Jim Smoak (born July 7, 1934[1]) is an American bluegrass and country music banjo player from Louisiana. Smoak may be the first bluegrass banjoist to have come from that state.[2]
Smoak was born and raised on a farm in Round O, South Carolina and learned banjo playing from his parents.[3] He performed on WROL radio when he was eighteen years old.[3] Smoak had a difficult time establishing an audience in his home state, so he moved north in the 1950s. Through 1953, he played occasionally with Bill Monroe & His Bluegrass Boys; the following year, he became a permanent member of the band. Smoak joined Hylo Brown & the Timberliners in 1958, and later began to perform with Arthur Smith and the Cracker Jacks on radio stations WAFB in Baton Rouge, Louisiana and WBT in Charlotte, North Carolina.[3]

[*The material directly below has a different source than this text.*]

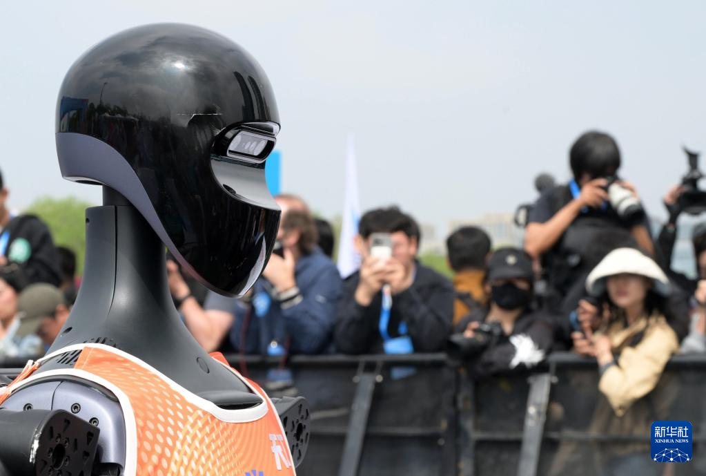 2025年4月19日,选手在北京亦庄半程马拉松暨人形机器人半程马拉松比赛中。新华社记者 曹灿 摄

In 1961 he recorded with The Louisiana Honeydrippers the album Bayou Bluegrass on Arhoolie Records.That same year he went solo, recording for the tiny Folk Lyric label.[3]
Smoak played both bluegrass and country music in the 1960s, and in the 1970s, he published three praised banjo instruction books, some of the first to include standard musical notation and tablature.[2] Smoak recorded Moonshine Sonata, a solo album with Blue River Records, in 1979.